Galilean limit of equilibrium relativistic mass distribution for indistinguishable events

TL;DR

This paper explores the transition from relativistic to nonrelativistic statistical mechanics for indistinguishable events, analyzing thermodynamic quantities in the Galilean limit and confirming consistency with classical mechanics.

Contribution

It introduces a relativistic mass distribution framework for indistinguishable events and demonstrates its reduction to classical statistical mechanics in the Galilean limit.

Findings

Thermodynamic quantities match relativistic kinetic theory at limits.

Galilean limit reproduces nonrelativistic statistical mechanics.

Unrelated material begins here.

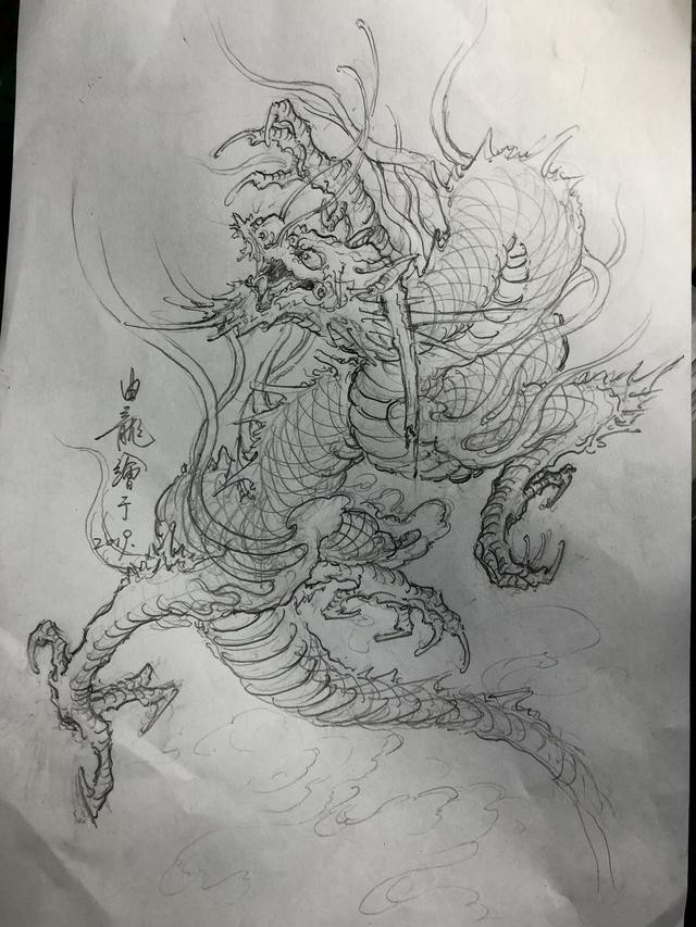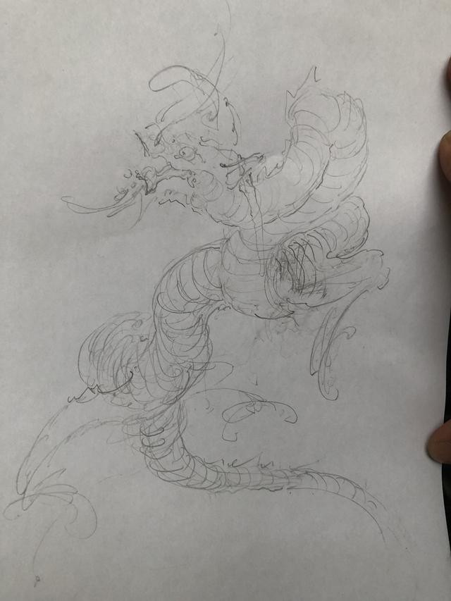 铅笔画龙起形时用硬一点的铅笔如:HB。画明暗结构时可以用2B以上的铅笔,因为会软一些能更好的表现肌理和明暗。最主要的是对结构的理解和掌握而不是工具。造型结构掌握了用铅笔,毛笔,水彩,碳条,油画棒等等都是可以的。(中国龙)

Results confirm consistency across relativistic and classical regimes.

Abstract

The relativistic distribution for indistinguishable events is considered in the mass-shell limit $m^2\cong M^2,$ where $M$ is a given intrinsic property of the events. The characteristic thermodynamic quantities are calculated and subject to the zero-mass and the high-temperature limits. The results are shown to be in agreement with the corresponding expressions of an on-mass-shell relativistic kinetic theory. The Galilean limit $c\rightarrow \infty ,$ which coincides in form with the low-temperature limit, is considered. The theory is shown to pass over to a nonrelativistic statistical mechanics of indistinguishable particles.